• **WHAT THIS TASK INVOLVES**:
Repeat only the lines below that run from the line with "sos actuarán en" to the line with "4. Pietrabbondante. Teatr.", ends included; skip every picture.

• **PROVIDED RECORDS**:
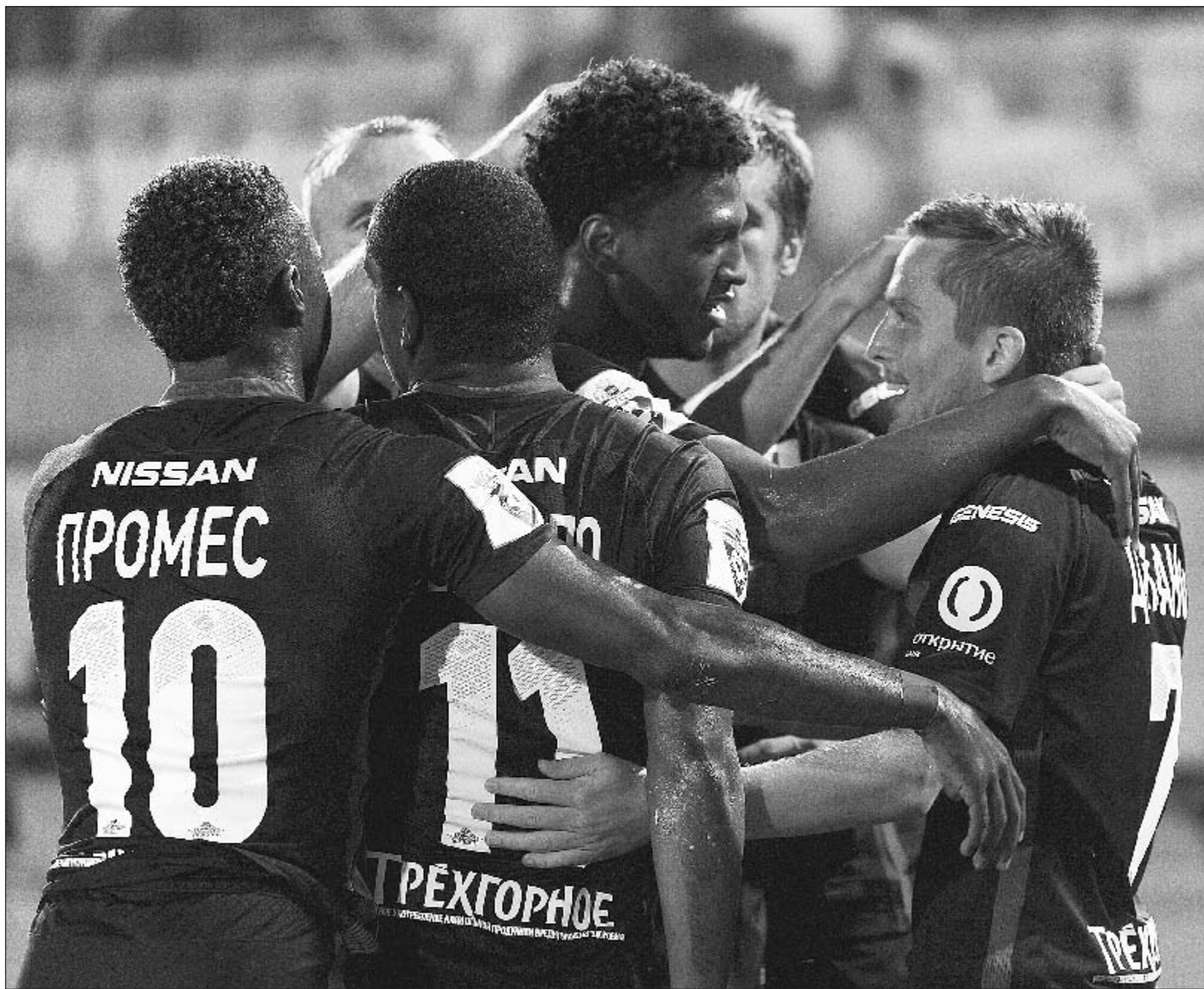
Вчера. Каспийск. «Анжи» - «Спартак» - 0:2. Игроки красно-белых празднуют очередную победу в чемпионате.

Вчера «Спартак» победил в гостях «Анжи» и ушел на двухнедельную паузу в чемпионате России в роли лидера. При Массимо Каррере, возглавившего красно-белых после отставки Дмитрия Аленичева, набрано 10 очков из 12 возможных.
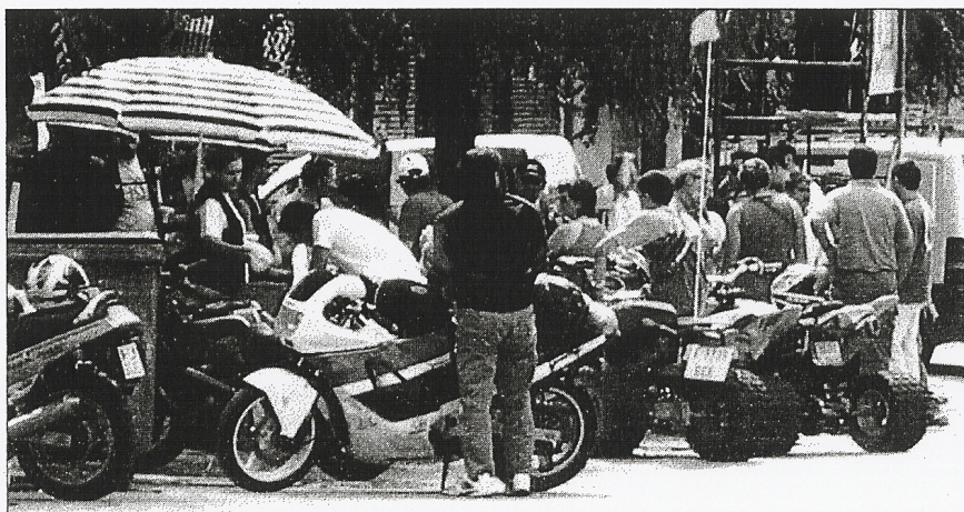
El rugido de las motos fue uno de los protagonistas de la jornada del sábado.

sos actuarán en el casco urbano. La devoción se enfocará en la Iglesia con las confesiones para clausurar otra vez la fiesta con verbena.
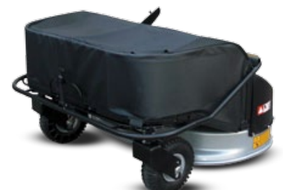
CORTACÉSPED 100 CM / CORTA RELVA DE 100 CM
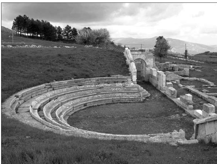
4. Pietrabbondante. Teatr.

miejscowość tę odwiedził między innymi Theodor Mommsen. W wyniku prac archeologicznych, rozpoczętych w roku 1857 pod patronatem władz w Neapolu 18 i trwających do okresu walk o zjednoczenie Italii, a następnie na krótko podjętych pod koniec stulecia, odsłonięto mniejszą świątynię (A) i teatr. Systematyczne wykopaliska na większą skalę wznowiono dopiero w roku 1959. Powierzono je archeologowi Adrianowi La Regina, ówczesnemu inspektorowi w Zarządzie do spraw Starożytności Regionu Abruzzo i Molise ( Soprintendenza alle Antichità dell’Abruzzo e Molise ) w Chieti, późniejszemu autorowi licznych prac i artykułów z dziedziny archeologii i historii Samnium 19 . Owocem prac prowadzonych pod jego kierunkiem było przede wszystkim odsłonięcie drugiej, większej świątyni (B).
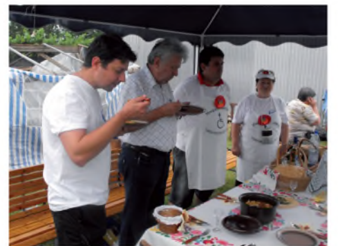
Főzőverseny: munkában a zsűri
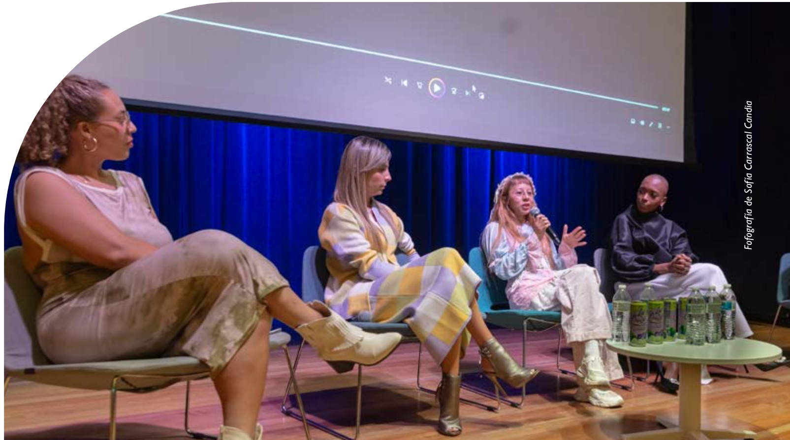
Evento Moda En Los Entornos Digitales: del periodismo a las redes
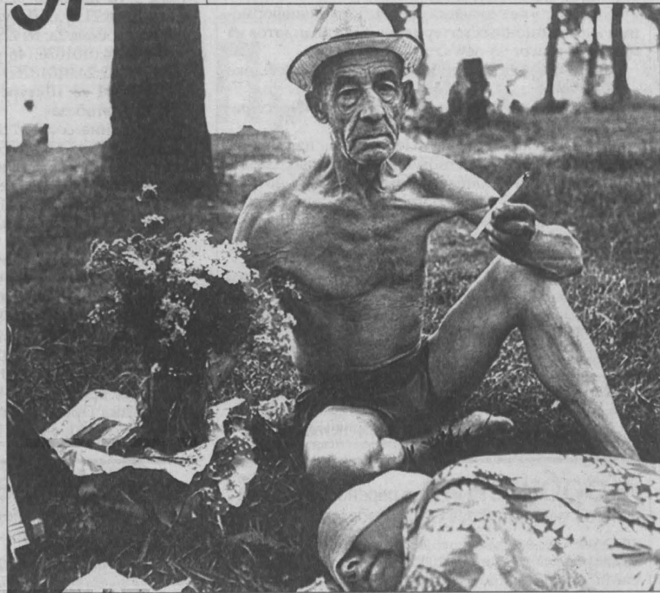
«Сам по себе портрет обязательно предполагает окружение. Вот на пляже у тебя же нет никакого окружения. Так какая тебе разница — пианино у тебя за спиной или нет?!» — смеется Бахарев.

На первый взгляд, многие работы Бахарева могут показаться однообразными. Стены занимают снимки натурщи на одном и том же диване — разные позы, разные эмоции, на них и начинаешь заострять внимание. «А вот стояла бы у нее за спиной пианино», — расуждает кто-то.
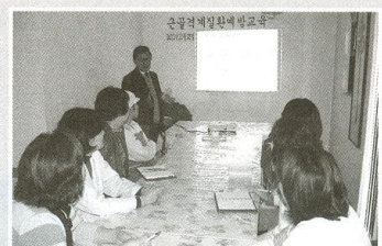
| 직원교육 |

12월 13일 산업안전보건공단에서 내방하여 소방안전교육을 하였습니다. 어르신들 모두 열심히 경청하며 소방안전의 중요성을 다시 느끼는 시간이었습니다.
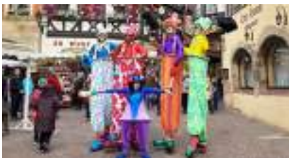
MAXI CLOWNS ECHASSIERS : gags géants et bulles musicales
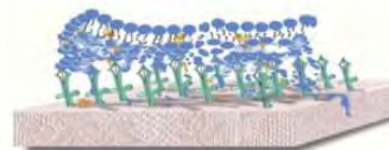
Shield Plusの生地を拡大した分子構造

生地表面を水素、炭素、シリコン、窒素などを重合反応させることで分子を無数の針のように加工、それら分子の針にはプラス電子を帯電させます。一方、菌（ウイルスなど）はマイナス電子が帯電されているためプラス電子に引き寄せられ、針が刀のように菌を突き刺し物理的に破壊するというもの。1つの菌に対して、約25本の針が対応、1時間以内に分解（感電・分解死）させます。もちろん、針といっても分子レベルのため見た目では判別できませんし、手で触ってもわかりません。

• **RESULT FOR THIS EXERCISE**:
sos actuarán en el casco urbano. La devoción se enfocará en la Iglesia con las confesiones para clausurar otra vez la fiesta con verbena.
CORTACÉSPED 100 CM / CORTA RELVA DE 100 CM
4. Pietrabbondante. Teatr.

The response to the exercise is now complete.